Why is Germany considering the building of up to 26 coal-fired power stations when they already have 17,000 wind turbines whirring away to the delight of the European green lobby? Why? Because German E.ON who are doing a roaring trade building windfarms in Scotland and Wales have admitted in their own reports that however many wind turbines they build or sell, without the right back-up they will not provide grid security and herald power cuts across Europe. E.ON UK must be aware of this shortcoming of their parent company's technology. Surely, it is only fair for them to warn their collaborators in Britain like Greenpeace, and FOE, to name but a few, before it is too late.
But the fact is that most alternative power technologies aren't a true solution to the globe's energy problems. The best illustration of this is the long-time poster child of the alternative energy movement, wind power. Apart from hydropower, wind is the most economically viable, developed and feasible alternative energy source.

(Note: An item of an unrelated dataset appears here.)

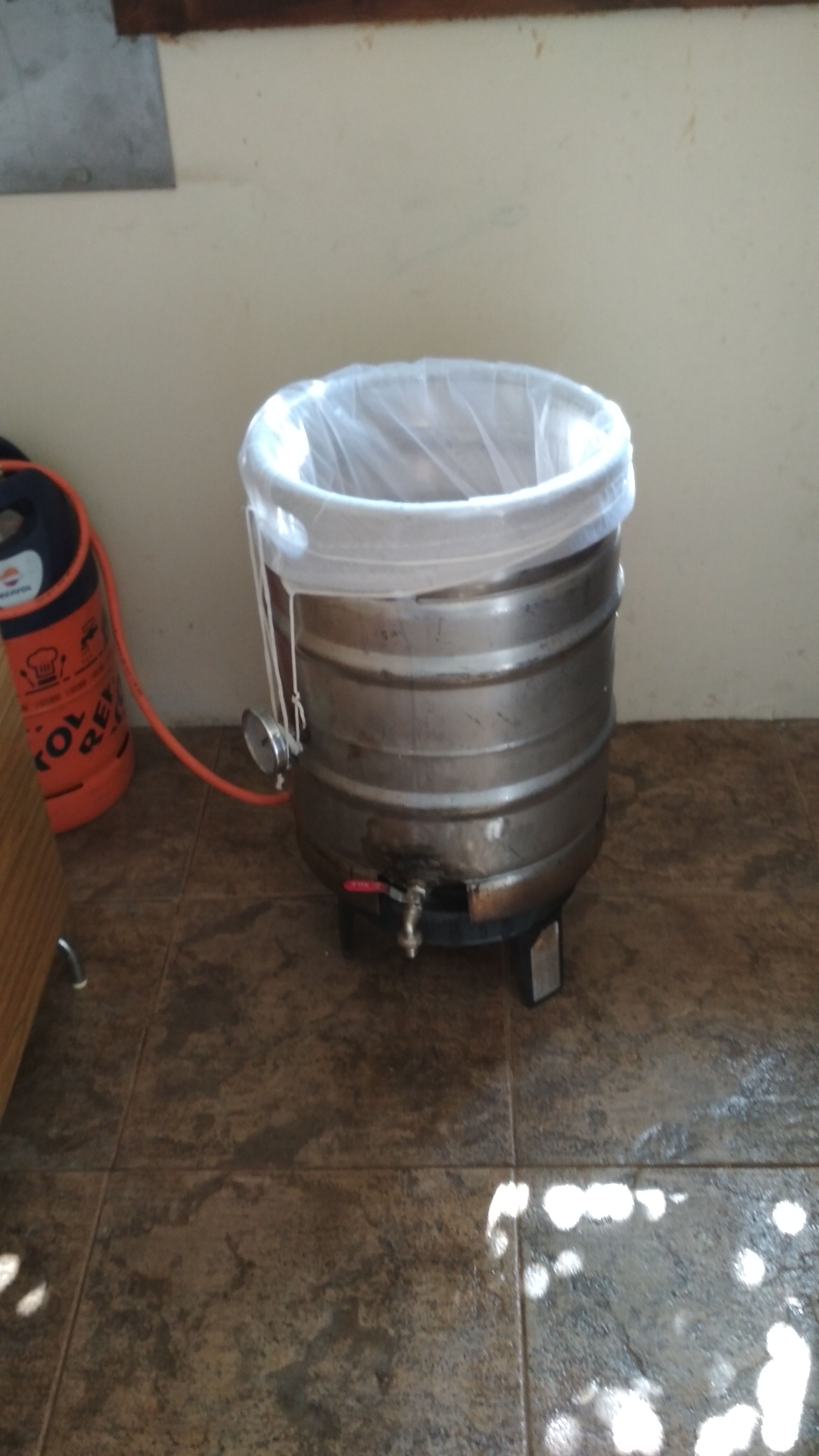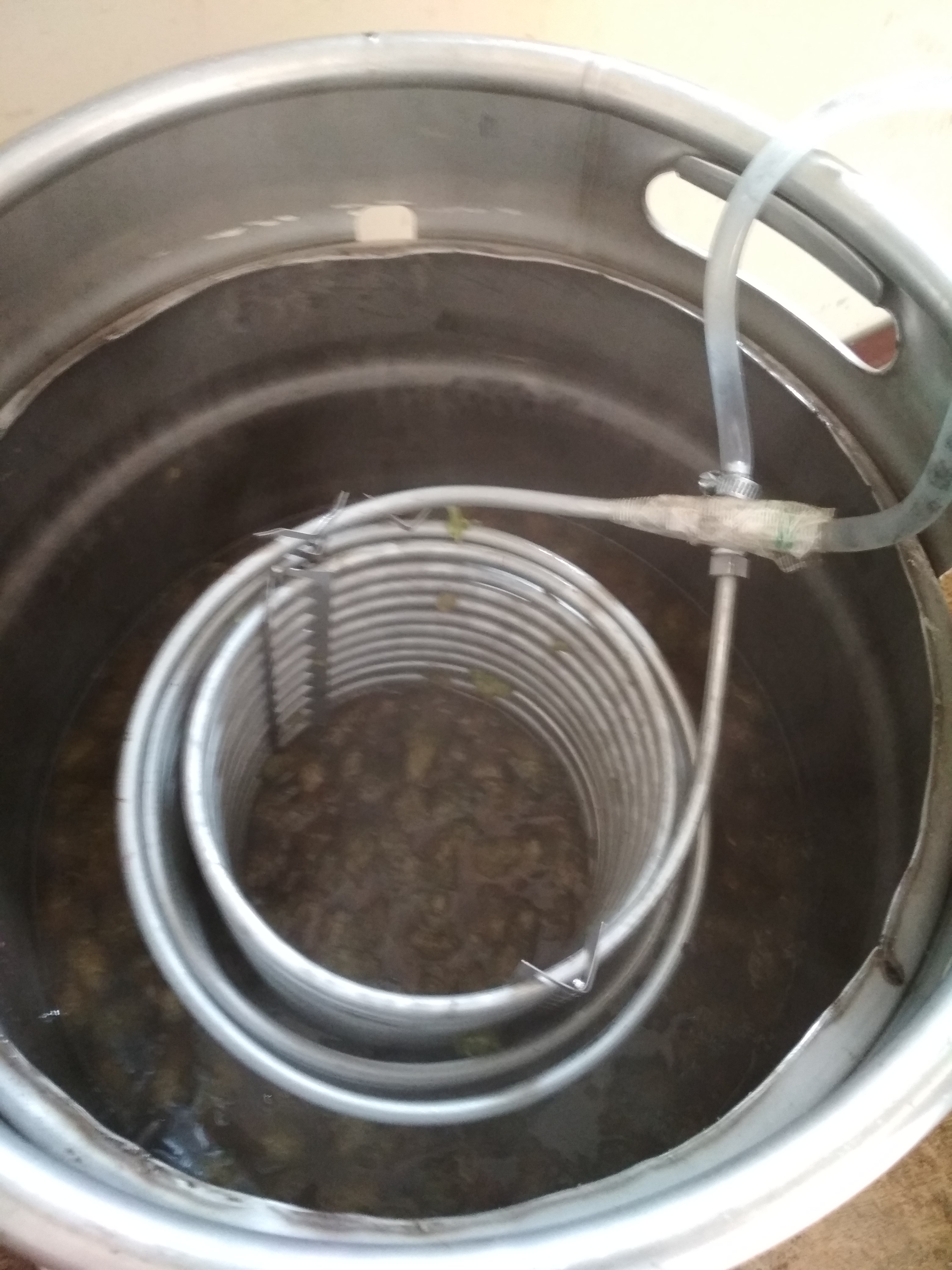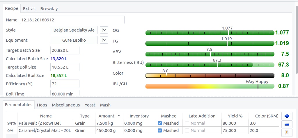 Azkenean irailaren 12an bildu ginen eta lote bat egin genuen, behintzat kurtsoari hasiera emateko… Gure errezetan, lupulu freskoak erabiltzen ditugunez, lupuluaren kopurua x 3 biderkatu dugu (70gr ordez, 200 erabili genituen), guztira 1075gr, errezetan agertzen den moduan. Mazerazioaren tenperatura altua zenez, bukaerako dentsitatea altua geratu zen, beraz, «gorputzdun» garagardoa espero dugu…

But wind's contribution to the global electric grid is all too often overstated.............At first blush, these facts suggest that the nation's energy policy and wind power industry are a smashing success. But that brings us to the clever marketing trick used by many alternative energy firms; there's a major difference between the terms capacity and generation. Namely, just because a utility may own a plant with 1,000 megawatts of capacity doesn't mean that plant is operating at that capacity at all times. In fact, that's highly unlikely to be the case, particularly for wind power. That's because the speed of wind in an area at a particular point in time is unpredictable. Moreover, even relatively small variations in wind speed can mean large changes in power output from wind turbines. The rated capacity of a wind farm is far less important than how much those wind farms actually contribute to the grid in the form of generated electricity. If we look at Germany in that light, we get a far less impressive picture. Only 5 percent of Germany's electricity generation in 2006 came from wind. Bottom line: As impressive as offshore wind farms may be to behold, those strings of thousands of windmills located on the Baltic just aren't a particularly important source of power for Germany.